5 septembre. — Je n’avais pas vu de vrais bois depuis un an, et il y en aura bientôt dix-huit que je n’ai visité ceux-ci. À la descente du chemin de fer, quand, les oreilles encore toutes résonnantes des mille bruits parisiens, je me suis trouvé en pleine solitude sylvestre, j’ai ressenti une brusque commotion, et le vieux forestier qui sommeillait en moi s’est soudain réveillé.

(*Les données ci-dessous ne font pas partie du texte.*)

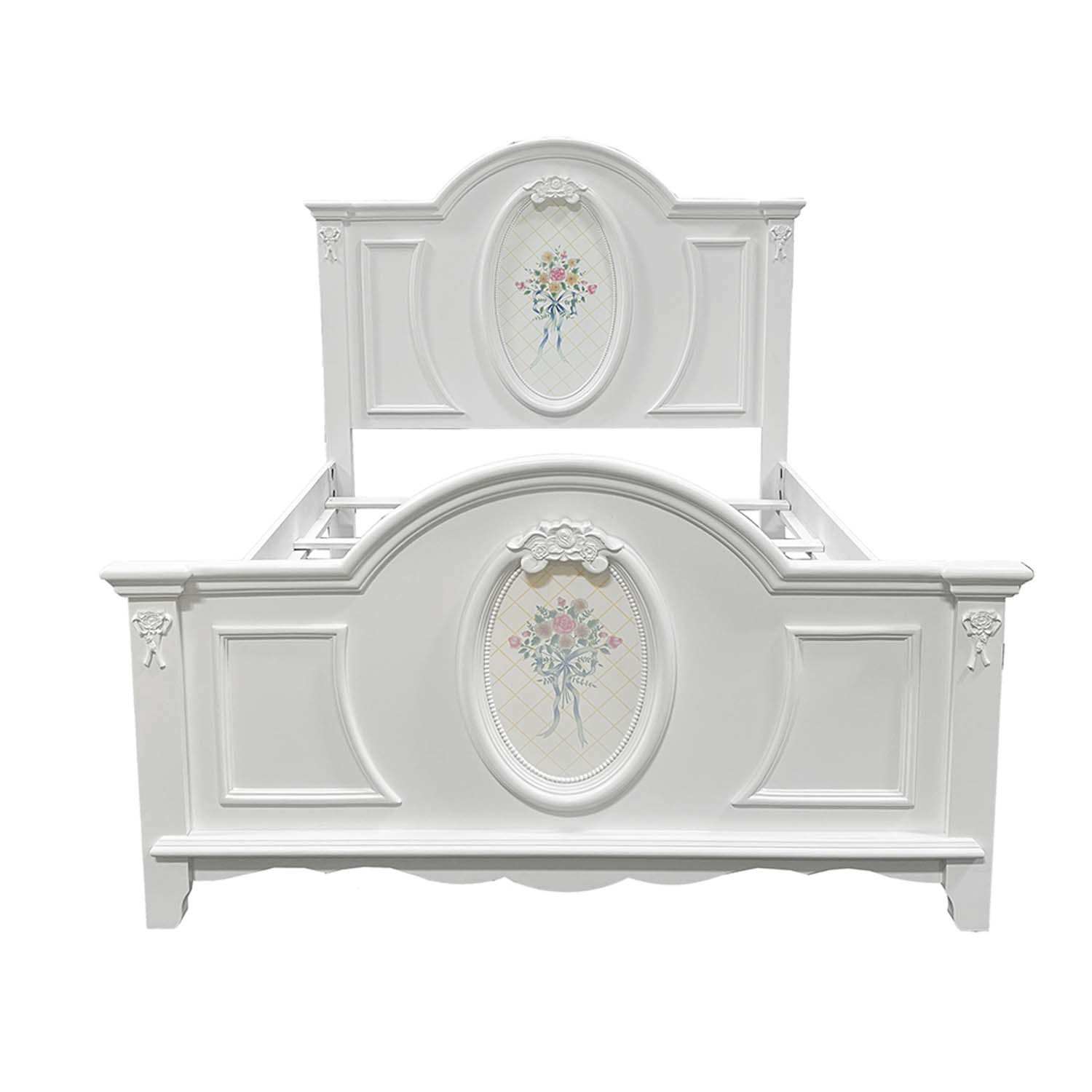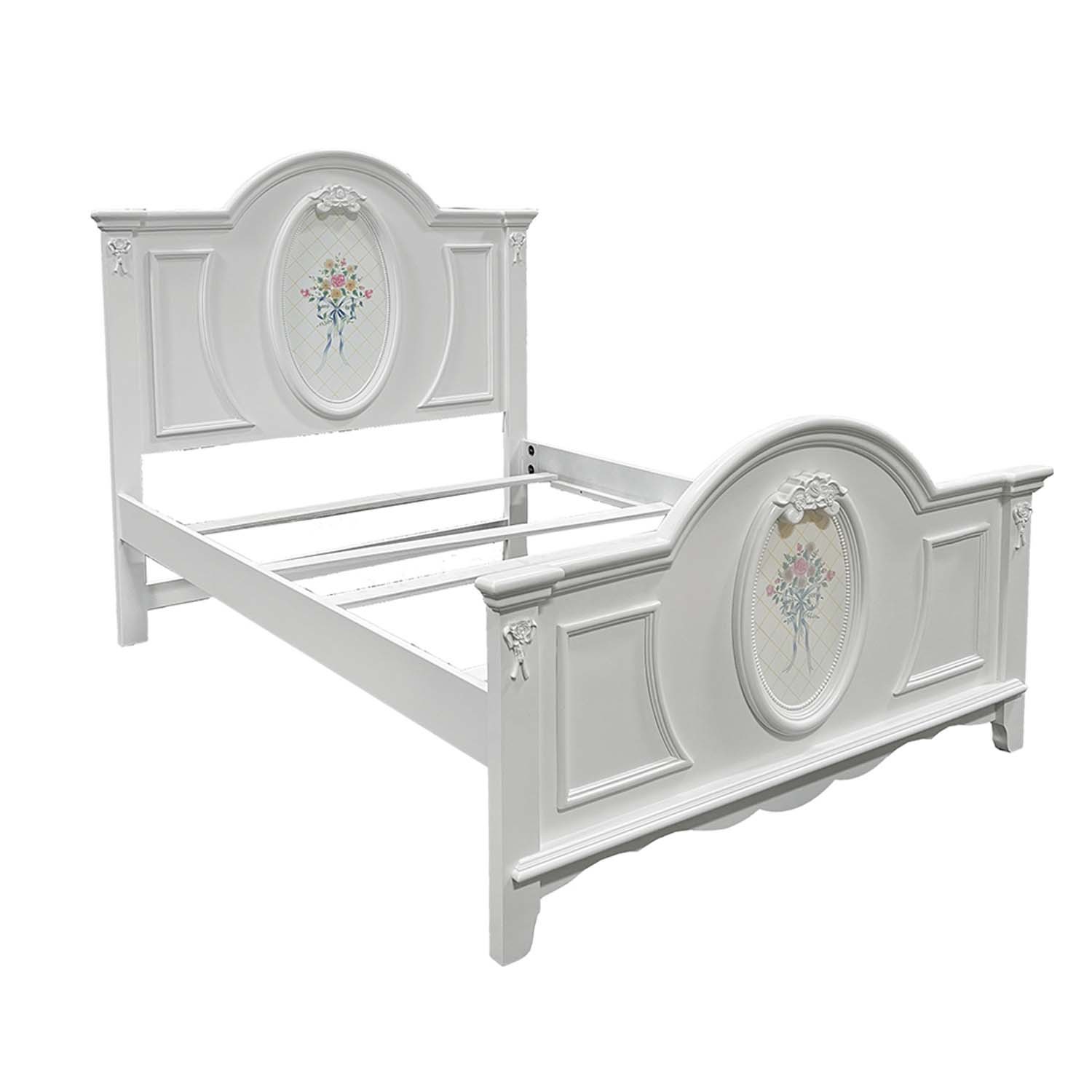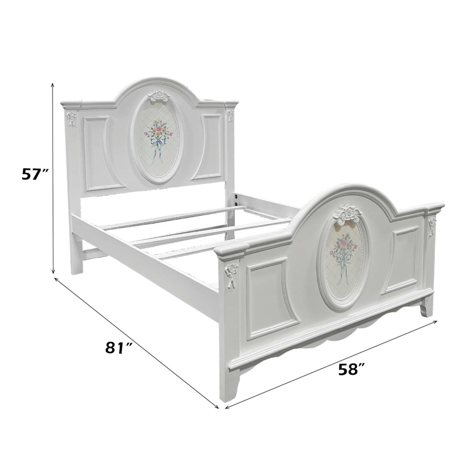 Features: Panel bed (Trundle Sold Separately) 4 Slats Included(4 Support Legs) - Box Spring Required Arched Headboard/Footboard Oval Rope Molding with floral motif decals Durable construction built to withstand daily wear Set Includes: One (1) Full Size Bed

On redevient sauvage à l’odeur des forêts,
a dit un poète contemporain[1]. Cette maxime paraîtra peut-être
contestable à ceux dont le courant tumultueux des grandes villes a
bercé l’enfance et agité la jeunesse, mais elle est rigoureusement
vraie pour quiconque a été élevé au milieu des forêts. Ce qui nous
prend et nous charme, nous autres boisiers, ce n’est pas seulement
l’originale beauté de ces nappes de verdure ondulant de colline en
colline ; ce n’est pas la fière tournure des chênes centenaires, ni la
limpidité des eaux ruisselantes, ni le calme des futaies profondes ;
non, c’est par-dessus tout la volupté des sensations d’autrefois, ressaisies tout à coup et goûtées à nouveau. L’odeur sauvage, particulière aux bois, la trouvaille d’un bouquet d’alizés pendant encore à
la branche, ou d’une fleur perdue de vue depuis des années, le son
de certains bruits jadis familiers : la rumeur d’une cognée dans les
coupes lointaines ou les clochettes d’un troupeau vaguant dans une
clairière, — toutes ces choses agissent comme des charmes pour évoquer les esprits élémentaires qui dorment au fond de l’homme cultivé. Alors l’habit de théâtre que nous revêtons pour jouer notre rôle
- ↑ Sully Prudhomme, Stances et Poèmes.